明錦不知自己如何眸光閃動,面頰薄紅,少女隻差将“心虛”寫在面上,還作一本正經之态,答道:“少天師自己的事,怎麼問我一個局外人。”
雲郗想,他已然知道了答案,于是唇角便勾了起來,卻仍舊說:“如此算來,殿下又欠某一個答案。”
“連欠兩個,某再問一個,殿下可不能再欠着了。”雲郗微垂着目光,看着明錦面上正經,手卻不由自主地攥着,粉色的指甲蓋兒上一點點彎彎的小月牙,暴露出她的虛張聲勢。他抿唇笑道:“殿下問了我的道侶,我也問問殿下,想和謝長珏結親麼?”
“不想。”明錦還以為他要問什麼不得了的問題,卻沒想到是這個,毫不遲疑地說了,“謝長珏不是好人,我不想。”

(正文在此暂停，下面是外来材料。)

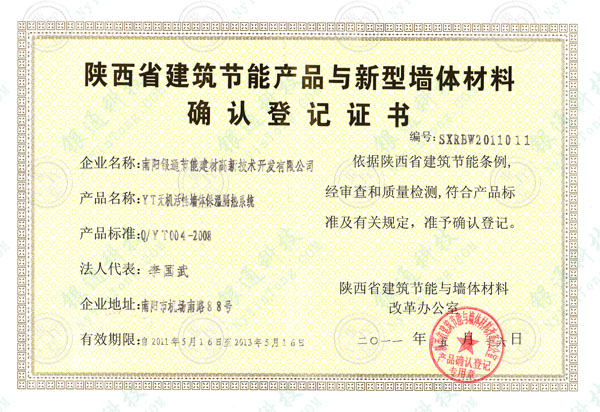 陜西省建筑節(jié)能產(chǎn)品與新型墻體材料確認(rèn)登記證書 有效期限 :2011年5月16日至2013年5月16日

雲郗看着明錦沒有半分猶豫的模樣,與記憶之中的小小女郎疊在一起。
彼時她還那樣小,分明不高興,卻用着糯糯的稚音,小大人似的和身邊的女官說:“祁王世子欺負阿錦,不是好人,但父王母妃都和阿錦說,他家裡對王府有恩,阿錦就忍一忍吧。”
分明受了大委屈,眼淚都在眼眶裡打轉,可她還是這樣抖着嗓音說話,不知是在安撫生氣的女官,還是在強迫自己,要忍一忍。

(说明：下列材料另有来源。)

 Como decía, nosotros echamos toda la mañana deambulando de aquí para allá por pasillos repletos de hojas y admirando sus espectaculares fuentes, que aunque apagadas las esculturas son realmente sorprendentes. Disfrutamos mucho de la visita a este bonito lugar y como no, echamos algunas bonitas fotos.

但而今,她卻能與自己說,先做自己,再做少天師。無關少天師之身份,不想去見,便不去見;
她也能夠在心底認同,她先是阿錦,再是臨真郡主,無關兩家的恩情與否,既不喜歡,便不想。
真好。
雲郗便笑,輕輕“嗯”了一聲。
明錦見他沒了下文,反倒有些奇怪:“少天師隻問這個?”
雲郗沒答,卻伸手抓了個什麼過來,放在明錦面前。
明錦眨眨眼睛,有些懵懵的,然後才後知後覺地反應過來,雲郗是要給她什麼,遂伸了手。
雲郗松了手,一枚圓圓的冰涼物什便落到她的掌心去了。
是一枚玉珏,油光水亮,一瞧便是經年的東西。
明錦不大敢要,雲郗卻道:“錢财珠寶,本身外之物。殿下今日開解于某,某以此珏相贈,多謝殿下開解之情。”
他這般說了,玉珏也非什麼私密之物,明錦隻好收下了。
雲郗唇角微勾,顯然心情極佳:“還有一個答案,殿下下回再答罷。”
明錦難得與雲郗談論過這些,更難得的是并無羞赧難為情之意,氣氛比她想的要好太多。
她亦想起來自己答應過清虛真人,于道侶一事要好生勸勸他,幹脆趁着這大好機會開口:“少天師問過了,可否讓我也問一個問題?”
“某洗耳恭聽。”
“恕我冒犯,少天師是為何對尋道侶一事這般抵觸,可是有何心結?”明錦小心翼翼地問起。
雲郗垂下了眼。
他靜默了許久,久到明錦幾乎以為他不會答了,正欲開口告罪自己冒犯太過,便聽得他微啞的嗓音響起。
“某心中,已有心儀之人。”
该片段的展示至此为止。